Future organizations are here to stayPublished 09 Jan 2020
In the organizations of the future, hierarchies will become flatter, new cross-functional flows will be created, suitable talents will be identified, and collaborations will be streamlined. However, this requires insight into and certain readiness for the fact that profitability may decrease to begin with – and instead increase over time.
To face tomorrow, operations need to become more vision-driven, while also finding a balance between self-governance and co-governance. A shift needs to be made, and it becomes increasingly important that an organization works with a basis in a purpose and goal, joint values, and a clear vision that have been embraced by its employees. Each organization needs to find ways to unleash the power and potential throughout the organization and its surrounding networks.

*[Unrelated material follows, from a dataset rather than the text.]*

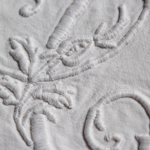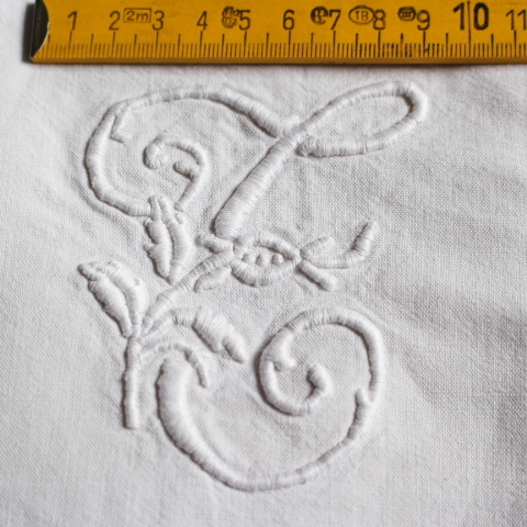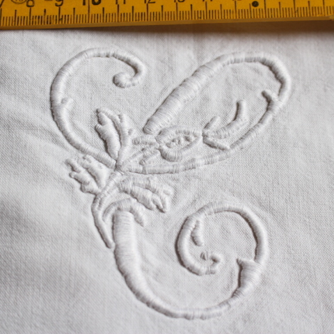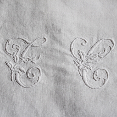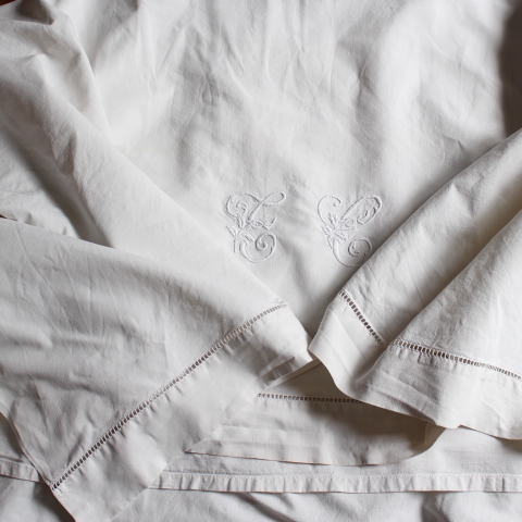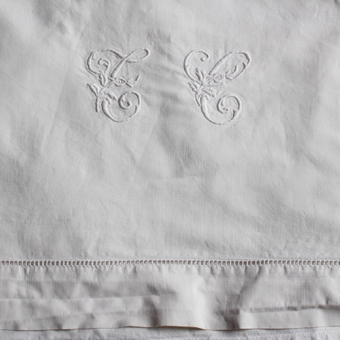 フランスアンティーク★イニシャル入りベットリネン☆TC

“Change is the new everyday and for organizations that want to move forward it is important to capture lessons learned, disseminate them quickly internally, and do things differently next time. This requires an iterative work method, as well as daring to think and try new things – but most importantly that you evaluate things. Through dedicated governance, weekly evaluations in cross-functional teams, project reports, and new digital tools, you can quickly and effectively disseminate what is required in the organization,” says Fredrik Höök, management consultant at Knowit Insight, with long experience of change management and digital transformations.
Cross-functional teams for efficiency
Society is moving toward a significant decrease in the prevalence of hierarchies. At the same time, cross-functional flows with the right talent in the right place are increasing – so that collaborations can be facilitated and streamlined. Focusing on current needs and future demand, which we are often not sure about yet, is becoming even more vital.
“Cross-functional, operative flows require self-management, trust, delegation, and mapping of abilities, both internally and externally. As there is some uncertainty regarding the future needs for talent, organizations need to take an internal inventory now, to understand which competence is required at what stage. Another key question is if companies and organizations need to have a certain capability internally or if it can be identified and used through external partners or networks,” says Fredrik.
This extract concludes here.